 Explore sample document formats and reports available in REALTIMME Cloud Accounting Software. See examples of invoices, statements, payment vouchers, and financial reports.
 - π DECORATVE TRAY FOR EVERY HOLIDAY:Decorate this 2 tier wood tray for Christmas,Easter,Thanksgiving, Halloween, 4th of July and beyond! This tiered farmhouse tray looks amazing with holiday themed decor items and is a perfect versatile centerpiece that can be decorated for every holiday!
--
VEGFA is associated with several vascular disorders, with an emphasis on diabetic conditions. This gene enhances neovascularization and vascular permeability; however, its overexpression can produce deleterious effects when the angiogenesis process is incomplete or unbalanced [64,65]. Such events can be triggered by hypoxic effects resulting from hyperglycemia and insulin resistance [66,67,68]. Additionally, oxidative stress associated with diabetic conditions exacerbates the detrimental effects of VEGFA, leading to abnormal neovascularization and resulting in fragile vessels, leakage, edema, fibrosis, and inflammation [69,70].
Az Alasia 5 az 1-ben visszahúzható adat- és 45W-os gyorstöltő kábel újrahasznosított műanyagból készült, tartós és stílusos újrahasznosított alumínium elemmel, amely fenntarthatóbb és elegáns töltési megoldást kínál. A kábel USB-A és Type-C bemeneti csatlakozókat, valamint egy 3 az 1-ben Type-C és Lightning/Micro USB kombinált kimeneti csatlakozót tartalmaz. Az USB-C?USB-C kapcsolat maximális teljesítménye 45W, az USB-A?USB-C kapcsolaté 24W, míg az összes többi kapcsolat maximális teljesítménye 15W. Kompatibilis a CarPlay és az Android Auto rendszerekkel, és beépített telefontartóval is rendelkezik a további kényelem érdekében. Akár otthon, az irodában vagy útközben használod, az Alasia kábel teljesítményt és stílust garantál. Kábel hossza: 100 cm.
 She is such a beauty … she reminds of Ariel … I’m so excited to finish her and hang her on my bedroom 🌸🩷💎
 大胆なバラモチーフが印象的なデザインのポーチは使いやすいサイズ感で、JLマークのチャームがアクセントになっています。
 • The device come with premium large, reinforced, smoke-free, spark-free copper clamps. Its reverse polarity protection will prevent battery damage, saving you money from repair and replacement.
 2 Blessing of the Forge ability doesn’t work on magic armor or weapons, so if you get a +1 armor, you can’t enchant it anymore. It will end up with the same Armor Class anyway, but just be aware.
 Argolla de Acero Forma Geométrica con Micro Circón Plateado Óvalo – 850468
--
Above are the records; from them, give again exactly the lines from the one containing "大胆なバラモチーフが印象的な" through the one containing "Argolla de Acero", both included.

 大胆なバラモチーフが印象的なデザインのポーチは使いやすいサイズ感で、JLマークのチャームがアクセントになっています。
 • The device come with premium large, reinforced, smoke-free, spark-free copper clamps. Its reverse polarity protection will prevent battery damage, saving you money from repair and replacement.
 2 Blessing of the Forge ability doesn’t work on magic armor or weapons, so if you get a +1 armor, you can’t enchant it anymore. It will end up with the same Armor Class anyway, but just be aware.
 Argolla de Acero Forma Geométrica con Micro Circón Plateado Óvalo – 850468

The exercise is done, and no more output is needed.